As an inspirational romance writer, writing the title hurt a little bit. Okay, it hurt quite a bit. If you are in a serious relationship or married, you know what kind of pretty half-truths we romance writers love to employ to get you to melt into your chair and never leave it until gorgeous guy kisses beautiful girl in front of a glorious sunset. Just like the Masked Magician throws his fellow magicians under the proverbial bus by exposing the secrets of illusions, I’m about to reveal the top 10 “lies” romance writers use. So, just pretend you don’t see my profile picture on any of my social media outlets and play along while the Wrapped Writer (not so clever, but I don’t have time to come up with something else with fitting alliteration!) exposes the trade of selling romance.

#1: Man must be gorgeous.

man

Newsflash: not all men are hot; some aren’t even good-looking; some have a face only a mother could love. However, looks really are inconsequential when it comes to finding the guy that will make you happy. Looks fade away; personality does not.
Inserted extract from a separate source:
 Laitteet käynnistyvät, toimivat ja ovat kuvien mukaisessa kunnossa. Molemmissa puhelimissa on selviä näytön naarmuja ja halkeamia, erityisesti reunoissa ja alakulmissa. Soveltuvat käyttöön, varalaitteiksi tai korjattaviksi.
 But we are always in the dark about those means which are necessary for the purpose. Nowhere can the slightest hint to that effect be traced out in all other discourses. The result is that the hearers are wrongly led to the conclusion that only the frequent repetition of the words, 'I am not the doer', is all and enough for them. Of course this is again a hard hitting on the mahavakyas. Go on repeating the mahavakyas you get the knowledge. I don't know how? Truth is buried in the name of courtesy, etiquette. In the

#2: Every kiss tastes of something besides real life.

morning-breath

This one is my favorite, both to exploit readers and to be exploited by. But, if you have ever been kissed, you know the truth. Kisses, unless both kissers are prepared and have either brushed their teeth or chewed gum, taste nothing like romance books’ puckers. Here is a taste of real-life kisses: garlic, coffee, anything eaten for lunch (like tacos or salty fries), wine, and the mother of all tastes: morning breath.
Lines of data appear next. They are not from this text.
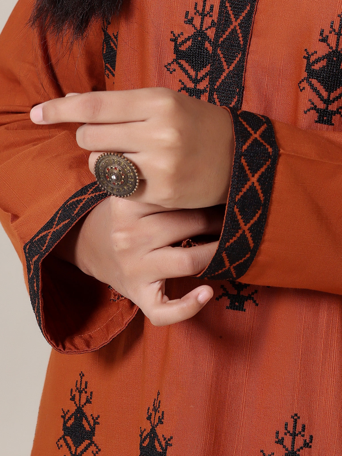 Bright and refreshing, winter dressing with its floral-inspired embroidery. The shirt’s detailed threadwork adds charm, while the warm khaddar fabric keeps you comfortable throughout the cold season.
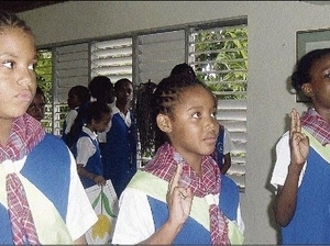 From left: Kecia McKoy, Kiana Wong and Ashley Charlton, new Doctorbirds of the Second St Andrew Troop, salute as they make their promises at an induction ceremony recently.- Contributed
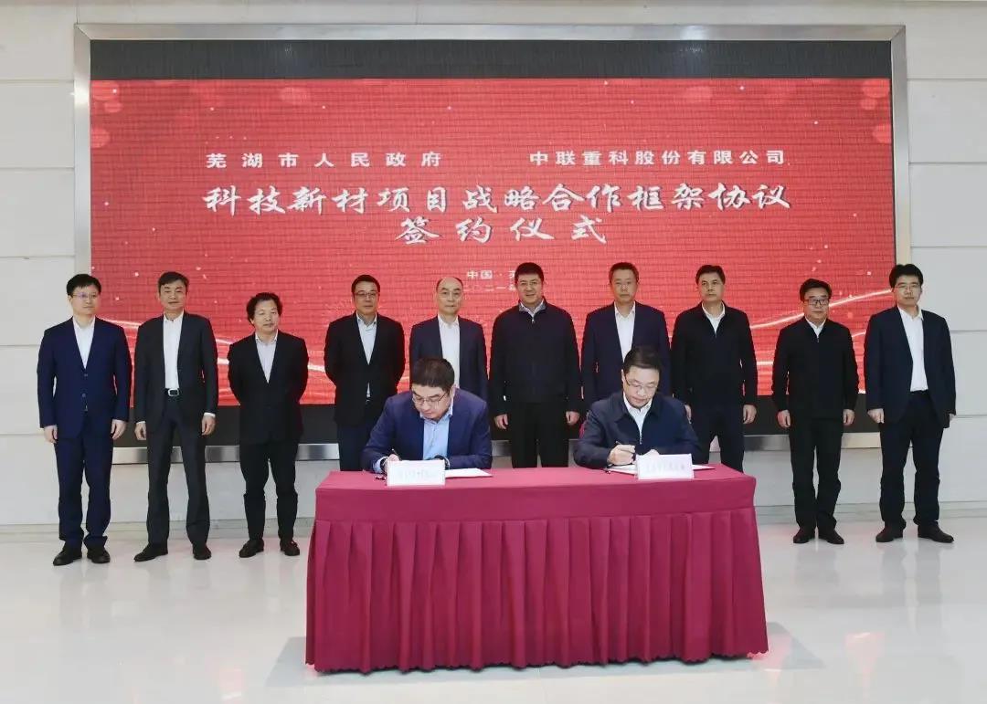 日前,安徽蕪湖市政府與中聯(lián)重科簽署科技新材料項(xiàng)目戰(zhàn)略合作框架協(xié)議。中聯(lián)重科董事長、CEO詹純新,市委書記單向前,市委副書記、市長寧波出席儀式并見證簽約。市領(lǐng)導(dǎo)張志宏,市政府秘書長王志鵬參加。
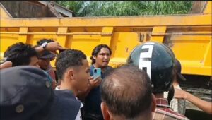 “Oknum tersebut tiba-tiba muncul dan meminta sopir truk berwarna orange untuk jalan, padahal sudah di larang. Gerakan itu langsung memicu amarah massa yang telah sejak awal melarang kendaraan perusahaan melintas,” tutur Boas.
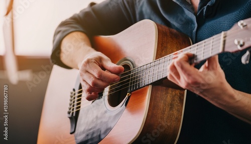 Fingers playing a guitar strings
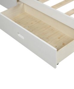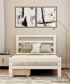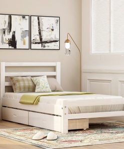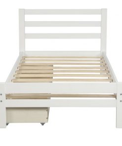 Get organized with the Twin size White Low Profile 2 Drawer Storage Platform Bed, The bed comes complete with two underside pull out drawers. Strong, solid wood make up the frame and legs to support your favorite memory foam, latex, or spring mattress (mattress not included), and the simple yet stylish panel design of the headboard and footboard add subtle refinement to any room decor. The modern clean, straight line silhouette makes it easy for this piece to fit into any room; drawers can fit on either side of the platform bed.
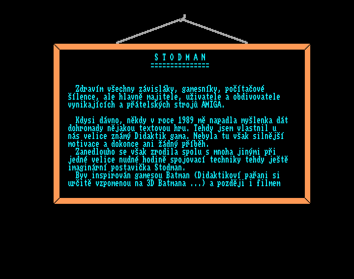 Hra „Stodman“ patří mezi ty české textové adventury, které si prošly vývojem spolu s platformami - od 8-bitových strojů až po 16-bitovou Amigu. Jejím autorem je Jan Lonský, který ji původně vytvořil již v roce 1992 pro Didaktik Gama, a o tři roky později ji přepsal do Amosu pro Amigu.
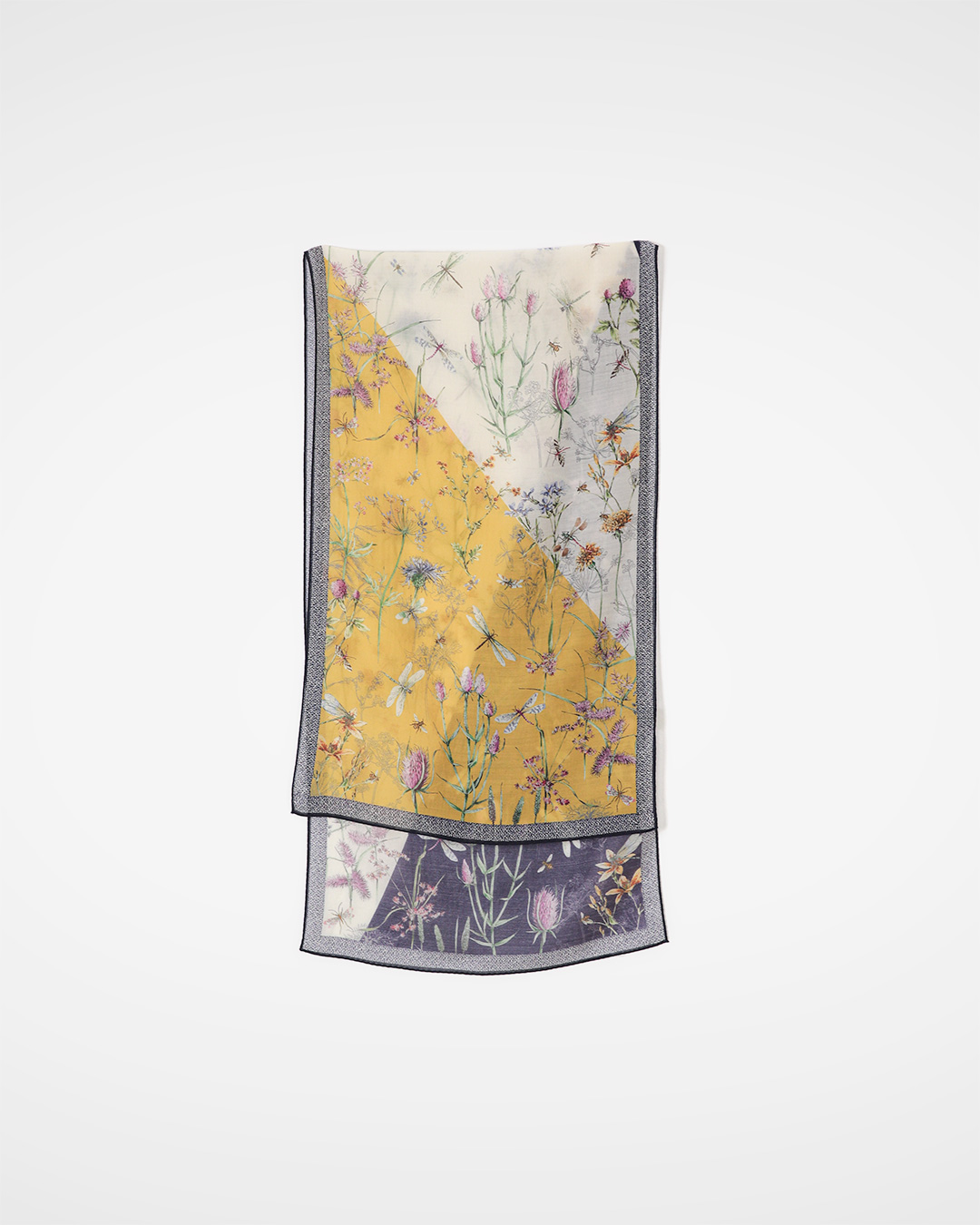 꽃, 나비, 잠자리와 같은 섬세한 자연의 장면을 담은 실크 울 혼방 보태니컬 스카프입니다. 실크 특유의 매끄러운 윤기와 울의 포근함이 조화되어, 피부에 닿을 때 부드럽고 보온감이 느껴집니다.
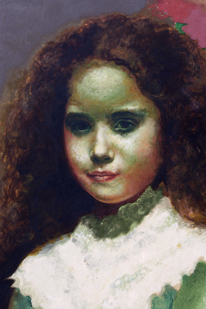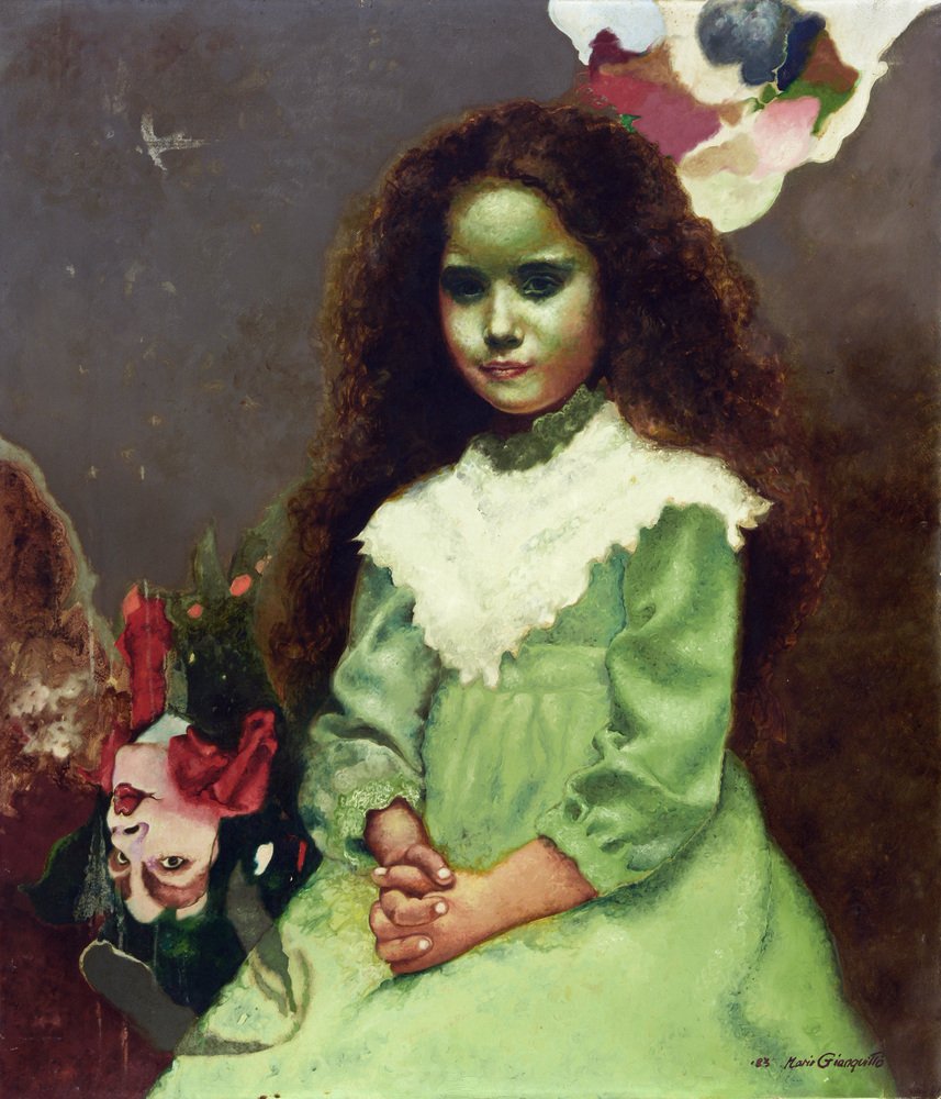 Mario Gianquitto, Volto con fiori, anni '90, Olio su tela, con cornice

#3: Two people must overcome battles to find each other.

danger

I met my future husband on a smoke break. Nothing romantic, nothing dangerous (unless you count smoking as dangerous), no spies trying to kill us, no ex-lover trying to win back my or his affection. We just met, liked each other, and the rest is history. You, too, can have this simple, albeit boring romantic adventure. If your relationship requires high level of espionage or unpacked baggage, you might be in for a world of hurt when the relationship settles around “Hey, will you pick up some lettuce on your way home from work?”

#4: Female protagonist is petite and pretty.

pretty-petite

This is a “lie” I try not to partake in as an author, but many romance writers succumb to this characterization ploy. Women come in all shapes and sizes and colors; a real man will look at personality and not the size on the label in a pair of jeans or the cup size of a bra.

#5: Female protagonist is outspoken and may occasionally throw something.

angry-woman

So, I sin with this lie. Here’s why. Because part of me, and I’m assuming other romance writers feel the same, wishes I could be like my female character. I wish I could speak my mind when angry instead of stew in silence; I wish I could be brave enough to smash a vase against the wall to show my frustration at times. And because I can’t/won’t/shouldn’t do these things, my character does. Bye-bye sheepish author lady, hello sexy vixen who knows just the right words to say just the right things.

#6: Muscles are in.

six-pack

The only six-pack worth having, ladies, is a six-pack of your favorite beverage. Six packs are difficult to attain and even tougher to maintain, so unless your main squeeze spends all his time in the gym and eats a very specific diet, you will have to deal with some pudge and a slight love handle or two.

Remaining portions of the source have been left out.